Allerdings erwartet Obermair, der für die Freien Wähler im Kreistag sitzt, von einer Jamaika-Koalition auch nicht viel. "Ich bin enttäuscht von den Parteien und maßlos enttäuscht von den Grünen", kommentiert er das, was von den Sondierungen an die Öffentlichkeit gelangt. Debatten über eine Jahreszahl für den Ausstieg aus dem Verbrennungsmotor findet er sinnlos: "Wir brauchen ein Konzept für den Ausstieg, kein Datum." Das Gleiche gelte für den Ausstieg aus der Kohle und der Atomkraft. Die CSU-Kommunalpolitikerin Weiß hält auch nichts davon, ein zeitliches Ende für Benzin- und Dieselautos zu fixieren: "Wir sollten erst mal bei den Kreuzfahrtschiffen anfangen, die haben einen viel höheren Anteil am Kohlendioxid-Ausstoß." Mit diesem Problem muss sich Ziel 21 nicht herumschlagen, der letzte Dampfer auf der Amper fuhr anno 1939.
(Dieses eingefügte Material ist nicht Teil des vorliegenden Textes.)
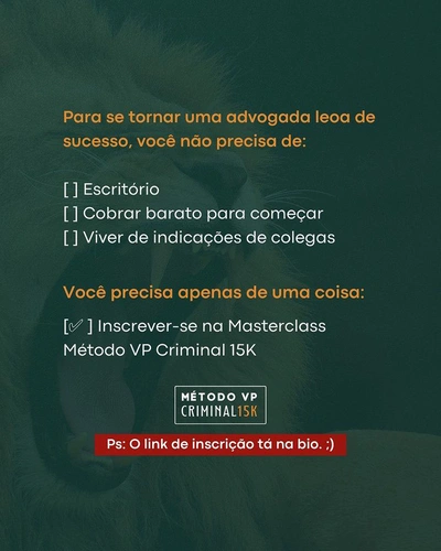 (Foto/Imagem: Reprodução – Instagram @vivianepinheiroadvogada) Quinta-feira, dia 02 de junho, acontecerá a aula que poderá mudar sua vida! Últimos dias para você garantir sua vaga na Masterclass Método VP Criminal 15K. Neste evento ao vivo e gratuito você irá aprender a alcançar os R$ 15.000,00 de faturamento mensal, com base em um método que eu […]

Dass der Stromverbrauch reduziert werden kann, glauben Obermair und Weiß ohnehin nicht mehr. Wenn sich das Elektroauto durchsetzt, werde der Verbrauch steigen. "Wir können froh sein, wenn wir den Verbrauch wenigstens konstant halten", sagte Obermair. Weiß hatte in einer Projektarbeit ausgerechnet, dass der Landkreis rein theoretisch auf dem Stromsektor die "Energieautarkie" bis 2030 noch erreichen könnte. Sie errechnete ein Potenzial von 920 Gigawattstunden, dem aktuell ein Verbrauch von etwa 684 Gigawattstunden gegenübersteht. Für E-Bikes und E-Autos würde also vielleicht etwas übrig bleiben, obendrein wäre es reiner Ökostrom. Die Voraussetzung wäre allerdings ein gewaltiger Zubau an Solaranlagen und Windrädern. Die beiden Windräder, die in Mammendorf und Malching laufen, produzierten 2016 etwa elf Millionen Kilowattstunden Strom. Weiß veranschlagte in ihrer Analyse einen Beitrag von 354 Gigawattstunden für die Windkraft. Um das zu erreichen, müssten noch etwa 30 Windräder im Landkreis aufgestellt werden. Obermair legt Wert darauf, die Grenzen von Ziel 21 zu beachten. "Wir können die Energiewende nur begleiten."